13. The device of claim 12, wherein the determining the slope reference angle comprises calculating the slope reference angle based on the following Equation: $\begin{array}{cc}A=S*M/m*a& \left(\mathrm{Equation}\right)\end{array}$ where, A indicates the slope reference angle, S indicates a slope standard angle, M indicates the allowable cargo weight that is allowed on the slope determined based on the second remote data, m indicates the weight of the cargo loaded on the vehicle that is determined based on the third local data, and a indicates the factor for the slope angle correction determined based on the third remote data.

14. The device of claim 12, wherein: the third remote data has value indicating a lower factor for slope angle correction based on a higher safety requirement, or indicating a higher factor for slope angle correction based on a lower safety requirement.

15. The device of claim 12, wherein: the third remote data has a value that differently set based on weather in the goods delivery zone.

16. The device of claim 11, wherein the at least one instruction, when executed by the at least one processor, further causes the device to: receive, via an internal network of the vehicle: first local data indicating one of a driver getting-on state or a driver getting-off state; fifth local data indicating a vehicle speed of the vehicle; and sixth local data indicating a vehicle gear state of the vehicle; and wherein the determining whether the first condition is satisfied comprises determining that a value of the first local data indicating the driver getting-on state, a value of the fifth local data being 0, a value of the sixth local data indicating the vehicle gear state other than a park gear remain constant for at least a predetermined period of time.

17. The device of claim 11, wherein the at least one instruction, when executed by the at least one processor, further causes the device to: determine, based on the vehicle being in the brake automatic operation mode, whether a second condition is satisfied; and transmit, based on the second condition being satisfied, an instruction to the vehicle integration controller to operate the brakes of the vehicle in a second manner different from the first manner, wherein in the brake automatic operation mode, the processor is configured to generate an automatic brake control to activate the brakes without a driver of the vehicle being present in the vehicle.

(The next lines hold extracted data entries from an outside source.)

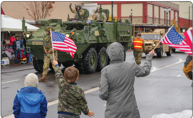
Attendees wave at Oregon National Guard members and other entrants during the Linn County Veterans Day Parade held in Albany, Oregon on Nov. 11, 2023.
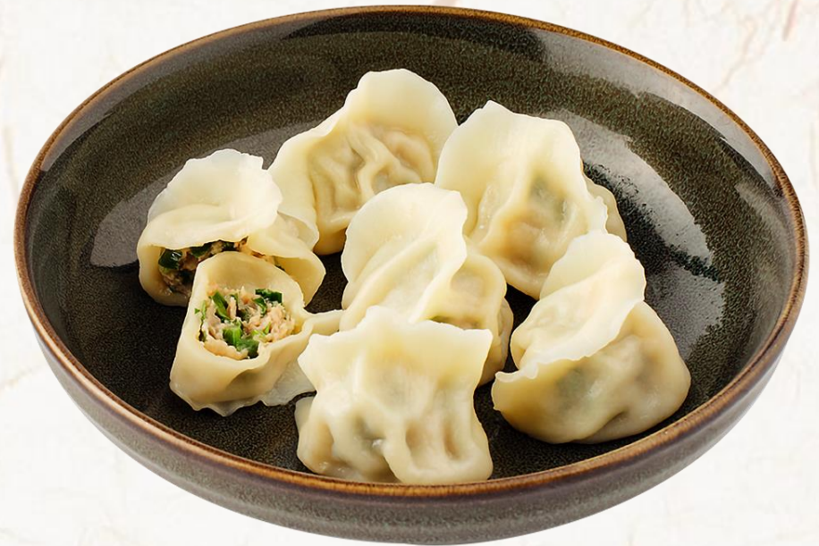
돼지고기 부추 만두 (6개) (돼지고기:국내산) Pork and Leek (6 pieces)
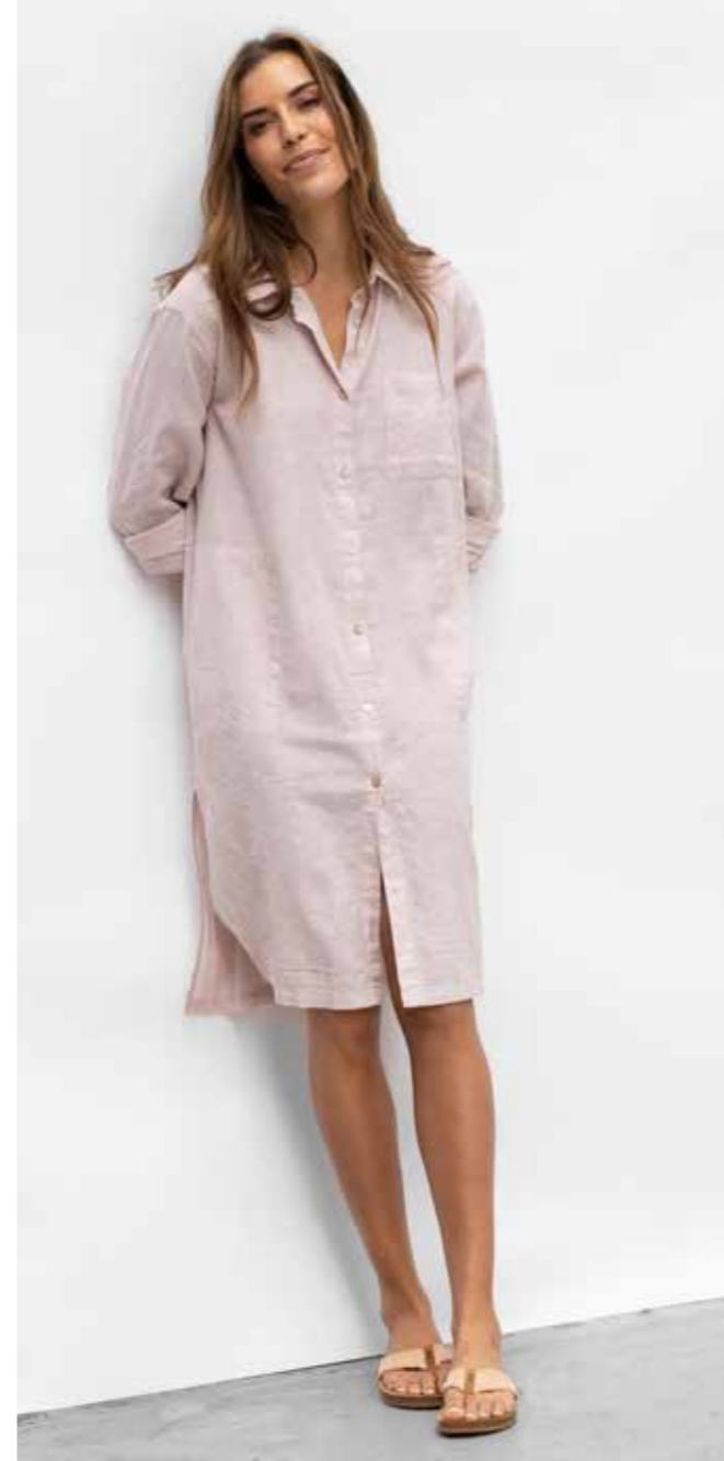
PHOTO 43 240127 ARIEL SHIRT DRESS SMOKED POWDER
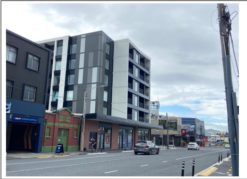
Hauwai Apartments - 93 one and two bedroom apartments just completed on Adelaide Road by Wellington Company and Taranaki Whānui ki Te Upoko o Te Ika set an example for the future if incentives are there.

Make Adelaide road a special urban renewal priority zone! Go six stories !
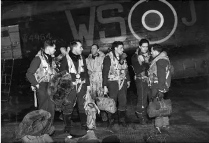
Members of Bomber Command

A number of other National Lottery funded projects are currently underway in 'Bomber Country', including Boston Townscape Heritage , and Lincoln Cathedral Connected .
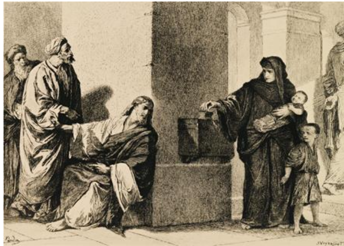
The Widow's Mite
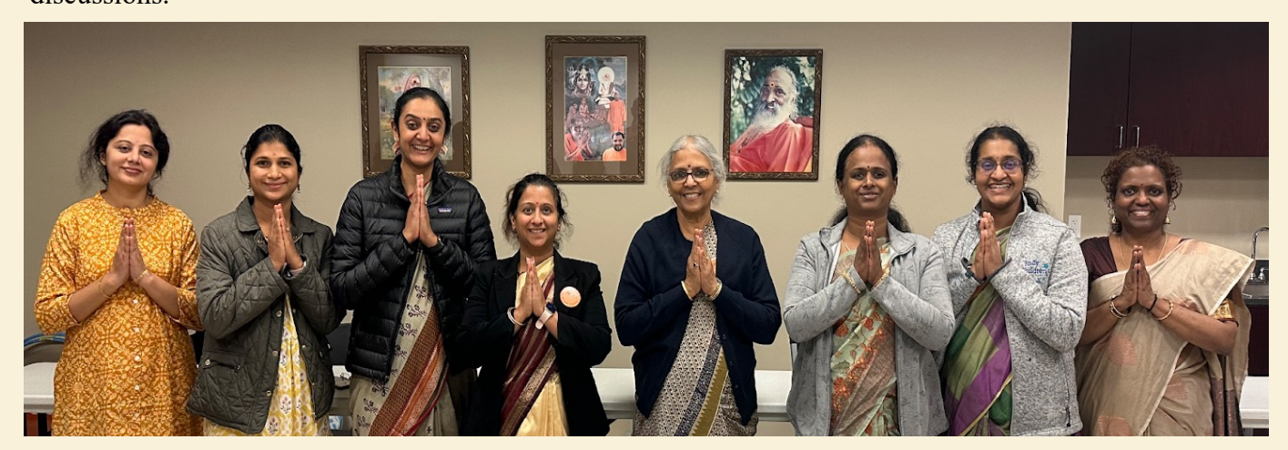
The February 12, 2023 meeting strengthened the discussions of the previous session with a focus on: "Practicing Hinduism with Pride".

On January 15, 2023, the first session of Samskṛti Pālakās was conducted with a focus on "Values are Caught and Not Taught" and "Sustainable Living." The discussion this month was directed to the quintessence of how the daily living structure within a family creates a strong value system that is easily absorbed by our children. Mothers, being the focal point of the family, must incorporate sustainability into everyday living which eventually results in the upbringing of "Responsible Global Citizens". The essence of "Think Globally Act Locally" was beautifully brought about in the discussions.
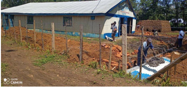
Looks like he's mixing some of the mortar for the bricks.
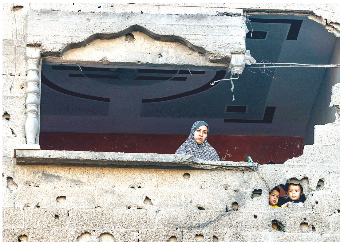
RAFAH: A Palestinian woman and children look on following Israeli bombardment on Rafah, in the southern Gaza Strip, on Friday, amid continuing battles between Israel and the Palestinian militant group Hamas.

Visitors to the weeklong "Development Fair" expressed deep appreciation for the opportunity to learn about Bangladesh's outstanding development stories and trade and investment opportunities. They expressed a desire for deeper and wider business and economic relations between Bangladesh and Pakistan. The fair served as a platform for fostering mutual understanding and strengthening bilateral ties between the two nations.
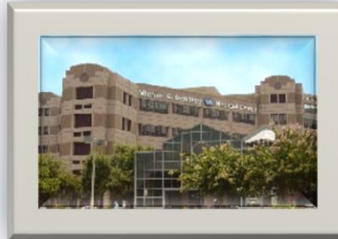
Michael E. DeBakey VA Medical Center
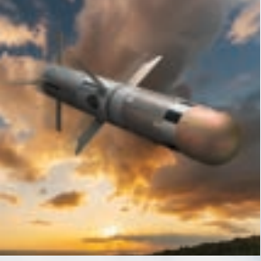
Fin Controls and Shutter Actuation
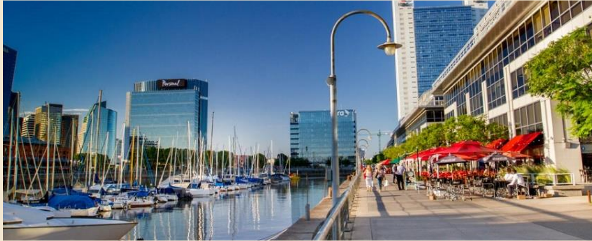
Puerto Madero Promenade along the Rio de la Plata
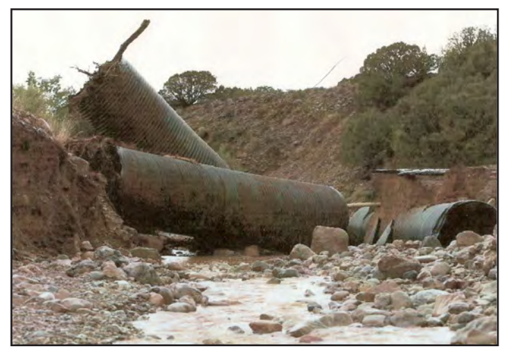
Flood damage on Las Huertas Creek, July 2006

or homes. During the summer rainstorms, extreme events can lead to downcutting of the river bed - without accessing its floodplain it has nowhere to release its energy except downwards. Such was the case determined by the Las Placitas Watershed Association when in 2006 they applied for and were awarded a Clean Water Act (CWA) Section 319 (h) "on-the-ground" watershed restoration project.
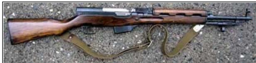
Example of 1968 rifle

The stocks on Albanian SKS are usually of two color types. Rifles manufactured in 1967 and 1968, with some of the 1969 ones, were of a much darker color than all prior years.
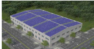
Strong Wind Resistance
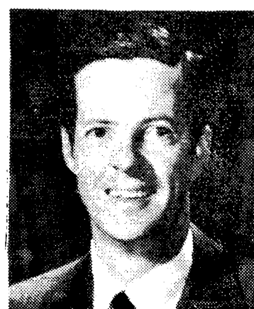
Astronauts to speak at Engineering Symposium Friday (William Anders, James McDivitt, Charles Conrad, Jr., Frank Borman, Joseph Kerwin)
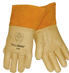
42 Pigskin Top Grain

18. The device of claim 17, wherein the at least one instruction, when executed by the at least one processor, further causes the device to: receive, from the remote server via the communication interface, second remote data indicating an allowable cargo weight associated with a slope, and third remote data indicating a factor for slope angle correction, receive, via an internal network of the vehicle: first local data indicating one of a driver getting-on state or a driver getting-off state; third local data indicating a weight of a cargo loaded on the vehicle; and fourth local data indicating a tilt angle of the vehicle; and determine, based on the second remote data, the third remote data, and the third local data, a slope reference angle for determining whether the slope is present; and wherein the determining whether the second condition is satisfied is based on a value of the first local data indicating the driver getting-off state and a value of the fourth local data being greater than the slope reference angle.

19. The device of claim 17, wherein the at least one instruction, when executed by the at least one processor, further causes the device to: receive, via an internal network of the vehicle, seventh local data indicating an angular velocity of the vehicle; and wherein the determining whether the second condition is satisfied is based on the brakes of the vehicle being operated in the first manner and a value of the seventh local data being other than 0.

20. A non-transitory computer-readable recording medium storing instructions that, when executed, cause a computing device implemented in a vehicle to: transmit, via a communication interface of the computing device of the vehicle and to a remote sever, vehicle location information acquired from a location sensor mounted on the vehicle, wherein the vehicle location information indicates a location of the vehicle; receive, from the remote sever via the communication interface, first remote data indicating whether the vehicle is located within a goods delivery zone, wherein first remote data zone is based on the vehicle location information; set, based on the first remote data indicating that the vehicle is located within the goods delivery zone, a vehicle operation mode to a brake automatic operation mode; determine whether a first condition, for operating brakes of the vehicle in the brake automatic operation mode, is satisfied; and transmit, based on the first condition being satisfied, a second instruction to a vehicle integration controller mounted on the vehicle, wherein the second instruction is configured to cause the vehicle integration controller to operate the brakes of the vehicle in a first manner associated with the brake automatic operation mode.

Description

BRIEF DESCRIPTION OF THE DRAWINGS

[0010] FIG. 1 is a view for describing a device for operating brakes of a vehicle according to an example.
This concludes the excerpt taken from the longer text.